As we have all heard (and/or experienced), the current audience for many history museums is not particularly diverse. A 2010 study by Reach Advisors of 15,790 visitors at 40 U.S. history museums found that 78% of adult respondents held college degrees (vs. 28% of total U.S. population), their median household income was $80,000 (compared to the U.S. average of $52,000), and perhaps most significantly, they were 95% white (compared to 66% of the total population). While Americans age 60-69 made up about 12% of the population in 2010, 26% of survey participants represented this age range. 18 to 29-year-olds made up only 4% of museum visitors, but formed 22% of the population in 2010. In the coming years, this group of “history core visitors” (as described by Reach Advisors) will veer even further from the average demographic makeup of the United States. For preservation agencies, nonprofit groups, and museums alike, it can be a struggle to attract and engage with more diverse audiences.

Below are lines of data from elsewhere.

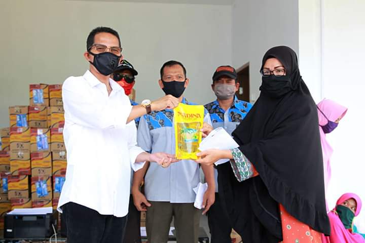 Ketua Harian Gugus Tugas Percepatan Penanganan Covid-19 ini hadir di dua lokasi. Yaitu titik distribusi Kelurahan Tembesi dan Sei Pelunggut.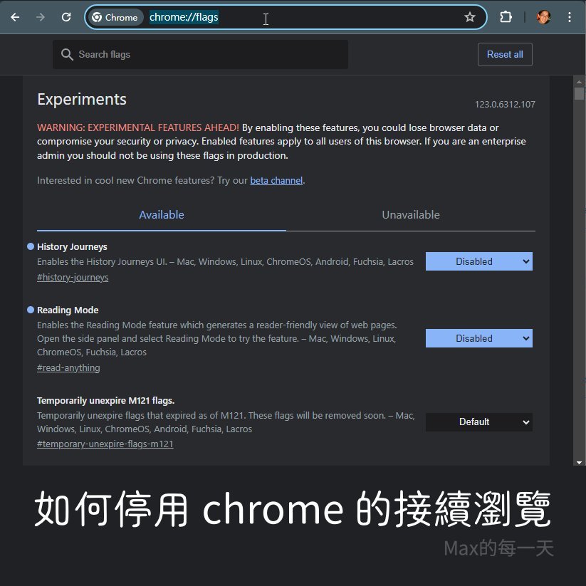 更新:目前 chrome 128.x 以後的版本, 都還沒找到可以關閉 resume browsing 的方法。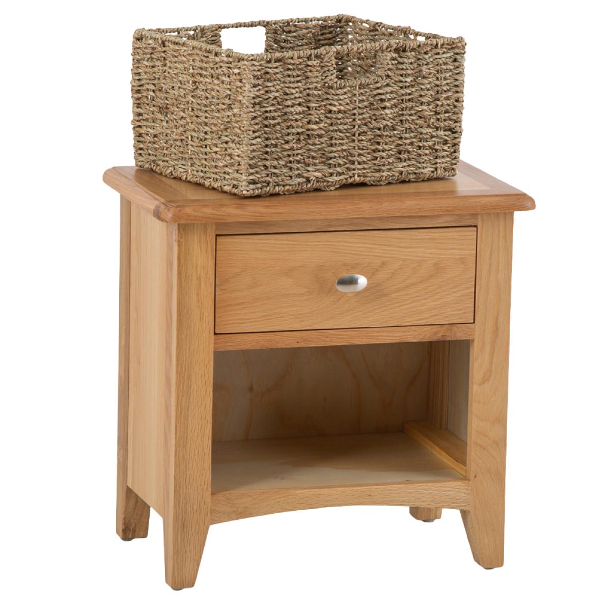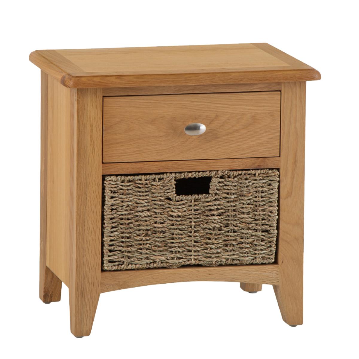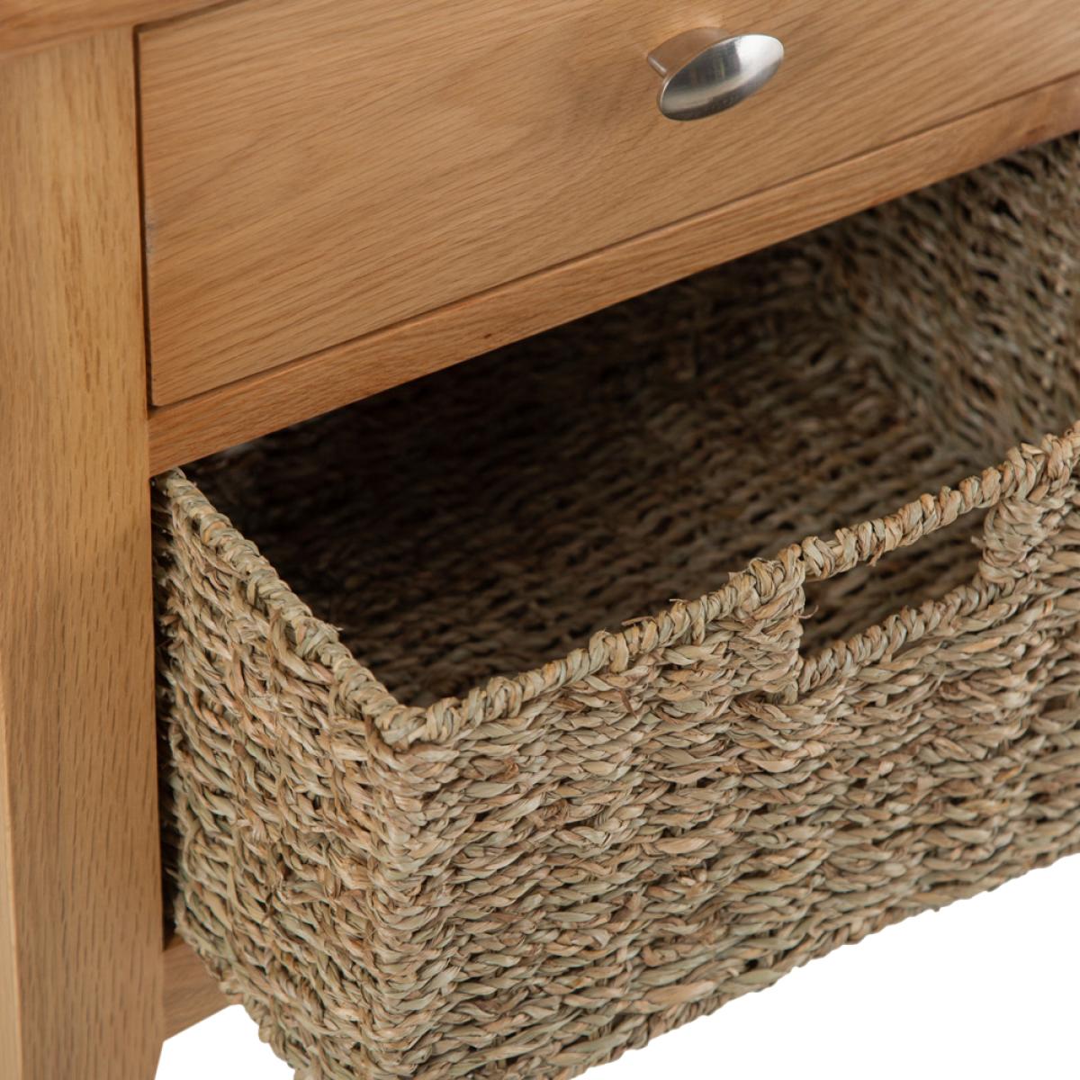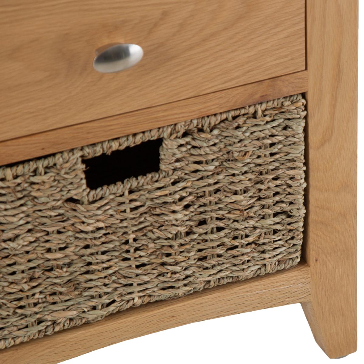 When it’s time for school but there are toys all over the floor, sweep them away into our Gloucester oak 1 drawer 1 wicker basket cabinet – you can deal with them properly later. This smart little cabinet is made from solid wood with a light lacquered finished that allows it to blend straight into wood-inspired decor. Its tapered legs, brushed metal drawer handle and sturdy surface make it a practical and urbane choice. It comes with a drawer and – below that – a shelf with a removable wicker basket.

So, how do we create programs, exhibitions, and tours that are more inclusive and accessible to new visitors—while still maintaining our loyal current audience? How has this noteworthy disparity between history core visitors and the general population influenced your organization’s mission, vision, or operations? What strategies have you embraced, adopted, or created (or just heard about) to address this concern? What nuggets of wisdom can you share with others who seek to reach a broader range of individuals? What museums/organizations can we turn to as examples? This is certainly not an original topic for discussion—I believe sessions have touched upon this issue at all of the previous Bmore Historic unconferences—but this remains a pressing question for many history organizations.

On a related note, and perhaps something we could discuss at this session (or perhaps it’s worth exploring elsewhere): the History Relevance Campaign (HRC) is a grassroots movement of public historians who seek to demonstrate the value of history in the 21st century. Rather than minimizing the importance of STEM, members of HRC seek to show how the study of history is just an important. Effective branding is certainly one element of this campaign, but there are no doubt other ways that we can build awareness and understanding of the value of history. How does the work of HRC overlap with the demographic issues mentioned above? How can we work in partnership to enhance each other’s work, and not duplicate efforts? Where do you fit into this movement?